Wednesday, February 4, 2009
We’ve made it half way. Two days ago was Imbolc, the pagan festival that celebrates the halfway point between winter solstice and spring equinox. You might think of it as Candlemas if you follow the Catholic calendar, or Ground Hog’s Day if you’re a T.V. meteorologist. What it means to everyone in the northern hemisphere is that the days are getting markedly longer, and you couldn’t complain about that, no matter what your religion.
We are lucky in the Northwest to be having a sunny spell. A long overdue sunny spell. You can really fell the jump toward spring, the birds are singing more and dandelions begin to pock the lawn. But it’s the sun, so warm ,so bright that gets all the credit for our good moods these days.
I’m busy in the garden again. Pruning shrubs. Cutting back the last of the perennials. Hopefully fertilizing. I’m as busy as the flocks of robins gorging on the waking insects, getting drunk on the fermenting cotoneaster berries.
I’m a little drunk myself, on sunshine. The gray diffuse sheen we called days these passed weeks was hard . Weather dependent, I guess that’s what I am.
The English novelist Julian Barnes wanted to entitled his first novel “No Weather”. Actually as a young writer he vowed to never write about the weather. I don’t know if he managed it, but it seems to me like a perverse literary pretense. Maybe he felt that the weather was too mundane for great fiction, or that “the most popular subject of conversation” would bog down his fleet stories. I don’t know how you could leave it out. Weather influences everyone and everything. It is the common denominator. No matter your religion, race, political affiliation or sexual orientation weather, like love, will get you. Maybe it this incredible loss of control in the face of weather that makes us human.
Look at London. Big powerful London. Modern fast moving London, shut down by 4 inches of snow. Julian Barnes lives in London. I wonder what he’s thinking about weather now. Was he part of the throngs of Londoners who came out to play, because everything else was impossible? Does he look for a sunny spot on a park bench in February?
Last night I went out to say good night to the stars.
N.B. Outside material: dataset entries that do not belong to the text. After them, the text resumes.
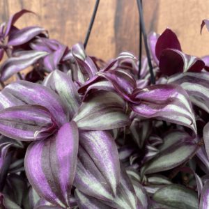 A popular tropical houseplant valued for the stripes of white, green, silver, and purple colors of their foliage. They have trailing vines that flow from their base and are very easy to care for. Water completely and allow the soil to dry partially before watering again. Select a location that delivers medium to bright light.
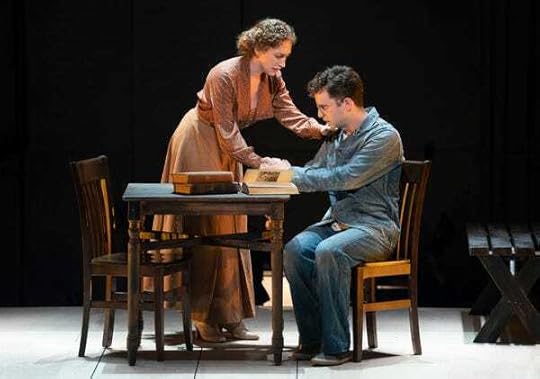 My one complaint of the evening is the darn set. Dane Laffrey has worked with director Michael Arden many times. Arden is actually listed under set design also. For some reason, they chose to put everything up on a platform and then in the middle of that platform, another raised playing area like a boxing ring with the cast watching from the side. The entire show is done up in the air. For those sitting down front, I’m sure they had strained necks. I was 7 rows back so it was a little better. Still it was a very odd choice. The worst part was, we missed out seeing the amazing orchestra lead by the composer himself. One of the highlights of the City Center shows is seeing the large orchestras they usually hire. They were hidden so far upstage behind this monstrosity of a set that the only way I knew the conductor had entered was when the balcony started to applaud.
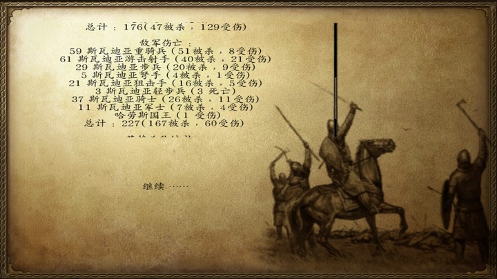 这里我把长矛手升级成 军士了, 敌人的第一波兵全灭 我这边第一波兵还剩下一半。这次可能反驳一个问题,对抗骑兵时 长矛手不一定真的比军士好用,因为细心的看战斗的话,我们可以看出长矛手被下马骑士虐得可怜..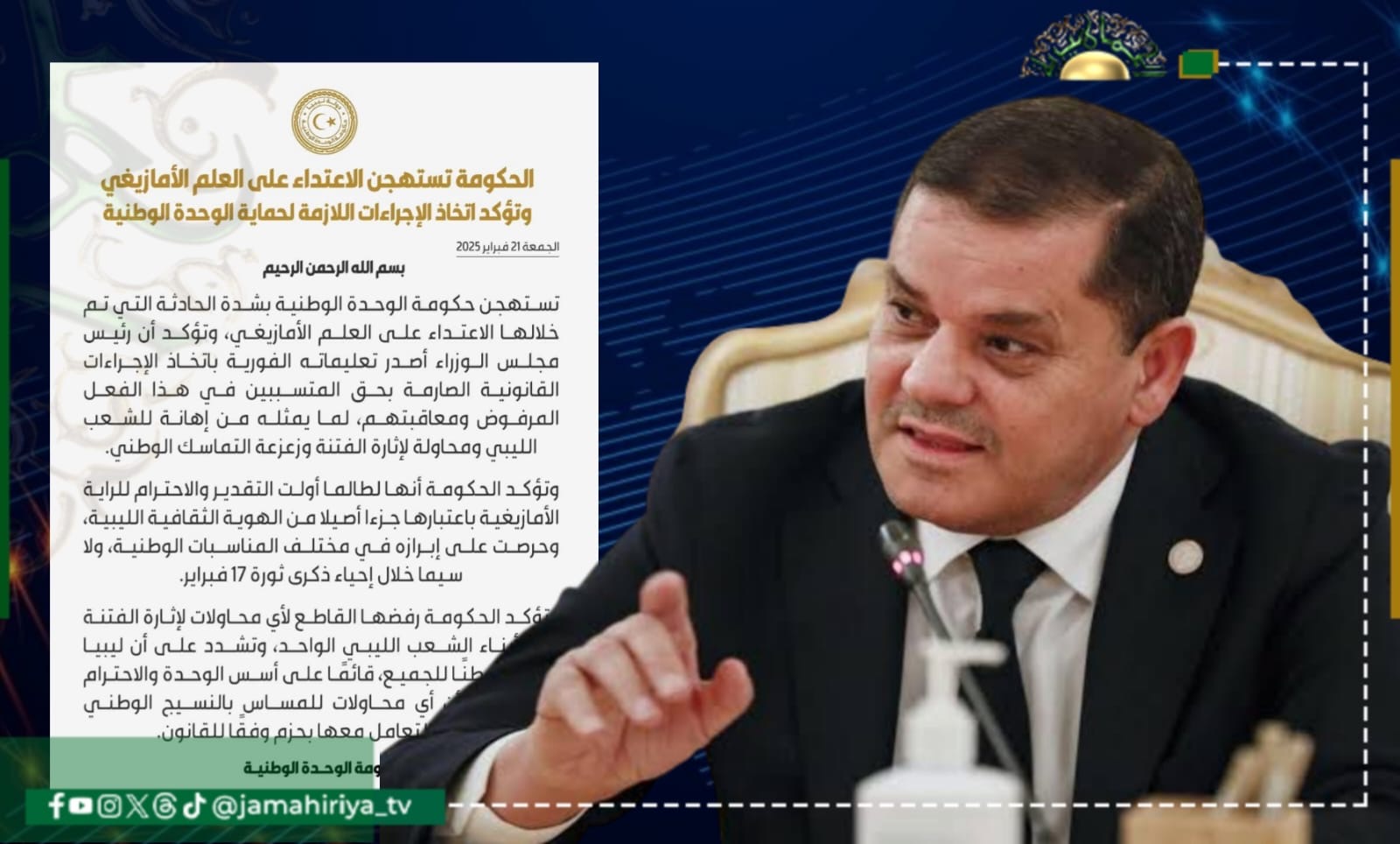 استنكر رئيس حكومة التطبيع”عبد الحميد الدبيبة” حادثة الاعتداء على العلم الأمازيغي، مؤكدا اتخاذ الإجراءات القانونية الصارمة بحق المتسببين في الاعتداء على العلم الأمازيغي.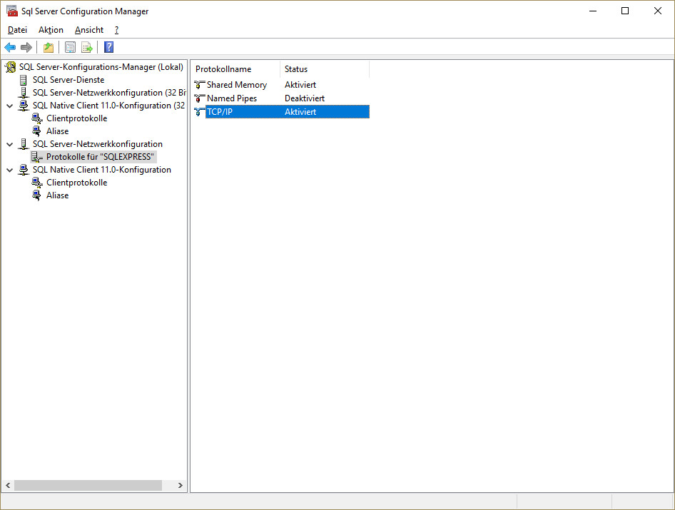 Protokolle für „SQLEXPRESS“ – TCP/IP aktivieren: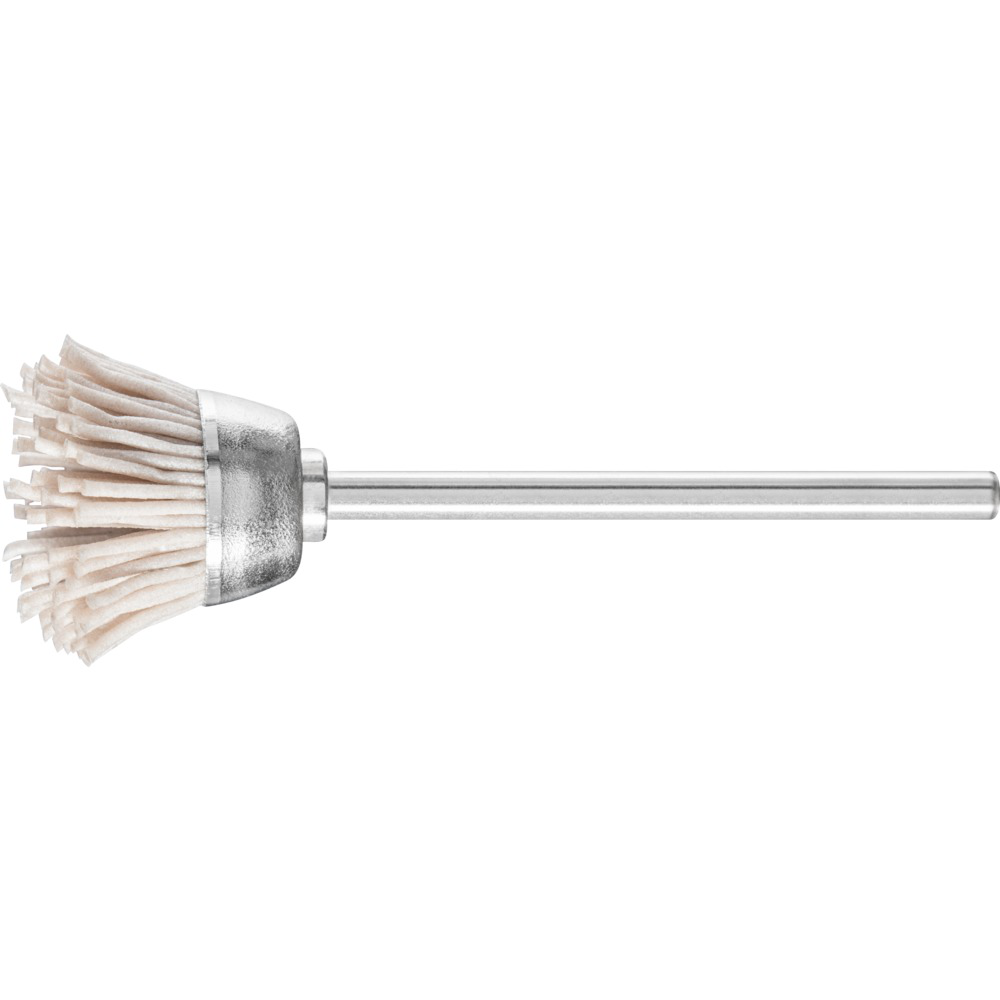 Adecuada para trabajos ligeros, como desbarbado, limpieza y pulido. Debido a su uso en la cara frontal trabajando toda la superficie del alambre es adecuada sobre todo para trabajos pesados en pequeñas áreas.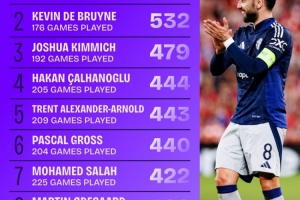 全文摘要:根據Squawka數據,自2019-20賽季以來,曼聯中場B費以206場創造567次機會,位居五大聯賽創造機會榜首位,領先德布勞內、基米希等球星。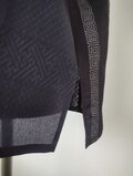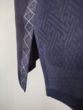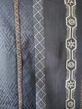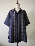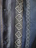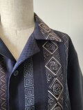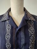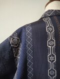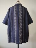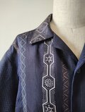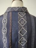 縦縞の幾何学模様の帯だった生地と地模様のある紺色の無地の着物を組み合わせたメンズサイズのアロハシャツとなります。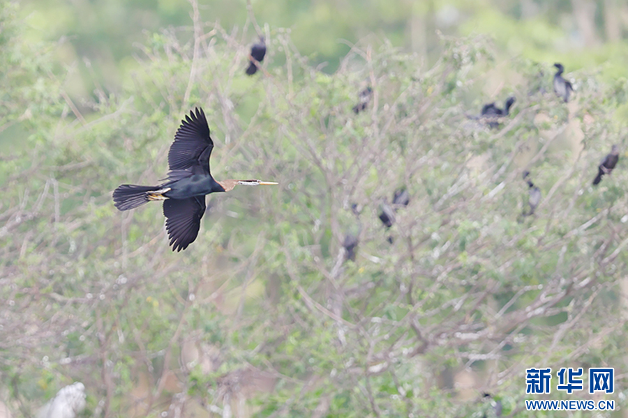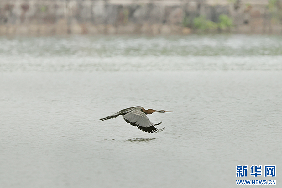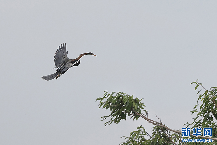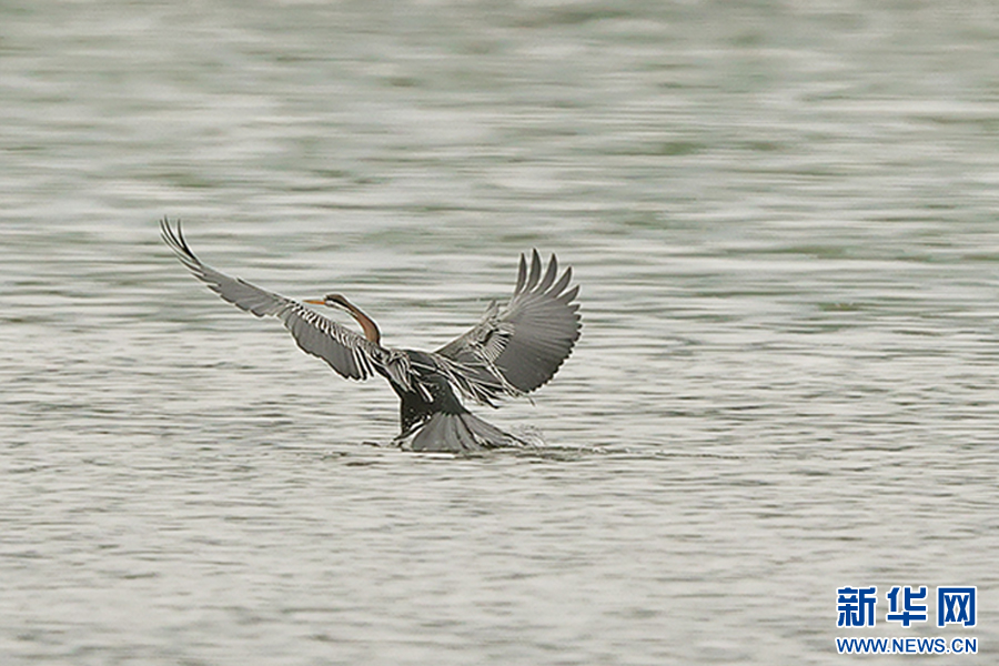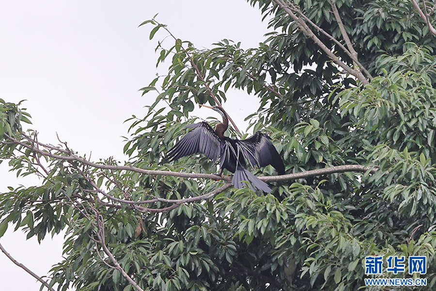 罕見鳥類黑腹蛇鵜(6月29日攝)。新華網發(楊學飛 攝)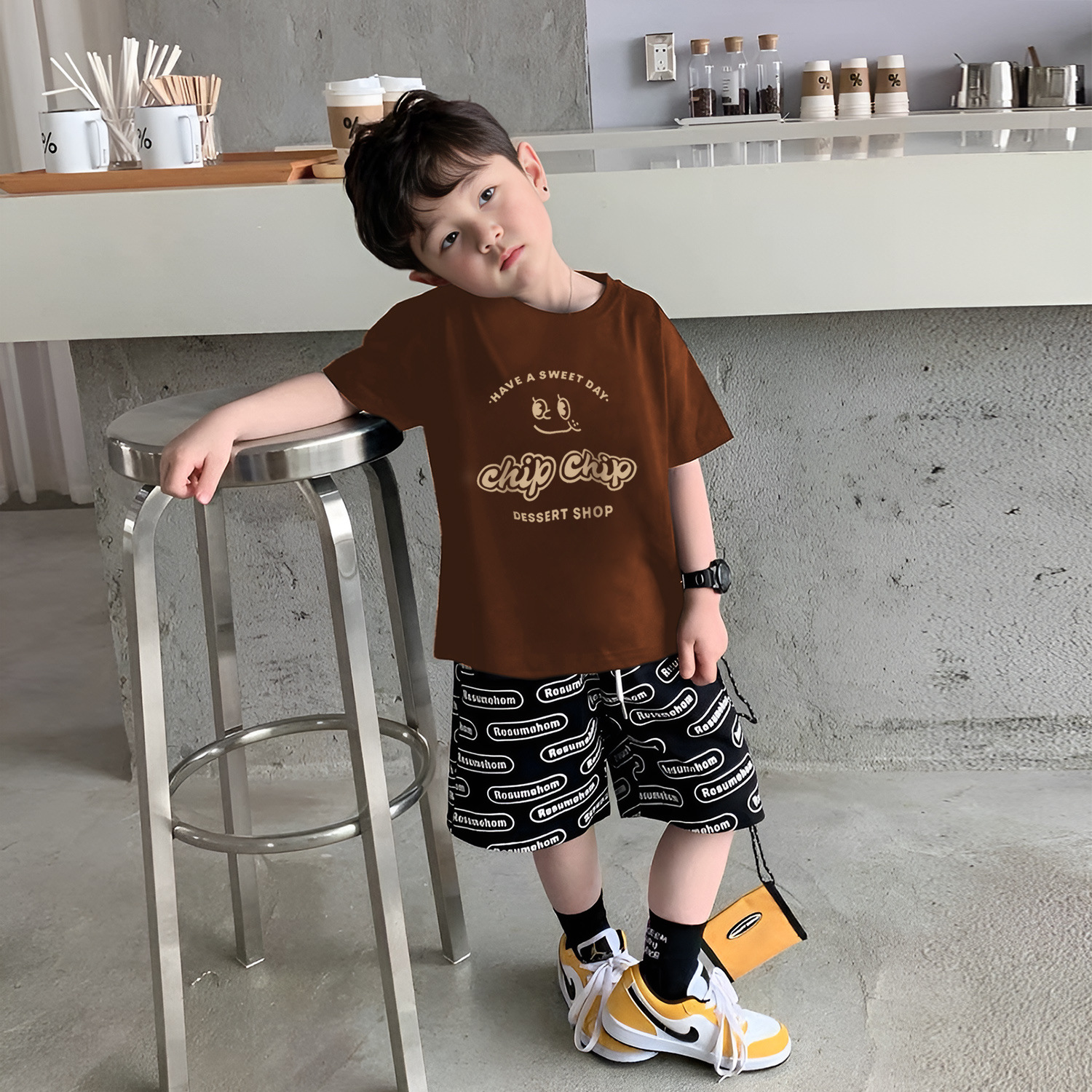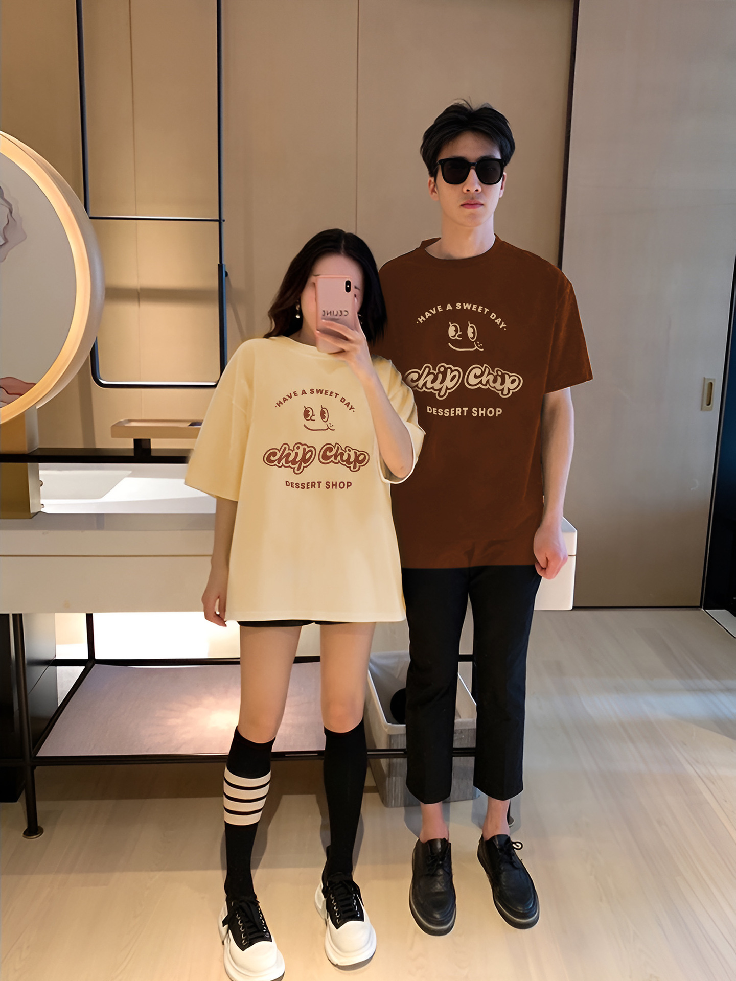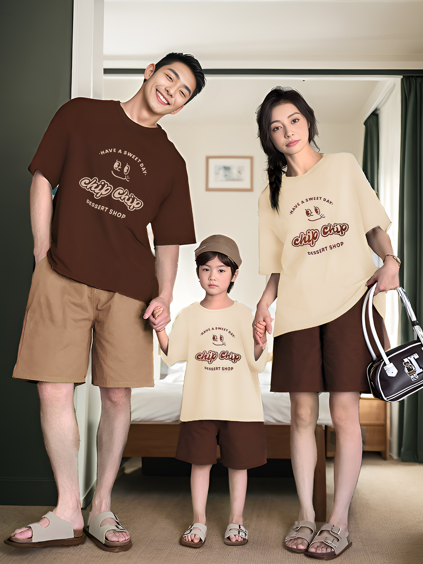 【F144】日系笑臉字母全家福親子短袖上衣(2色)

It’s a silly little bedtime ritual I’ve initiated since I’ve moved to the country. As if they were my children, or I, theirs. The moon and Jupiter were icy white and brightly haloed. The temperatures had already dropped below freezing. If it were summer I might have lied on the deck and soaked up some star light, but a thin layer of ice was already forming and i was longing for bed.
By morning the world was frosted. I had to scrape the windshield, but that was a small price to pay for being able to see the sunrise.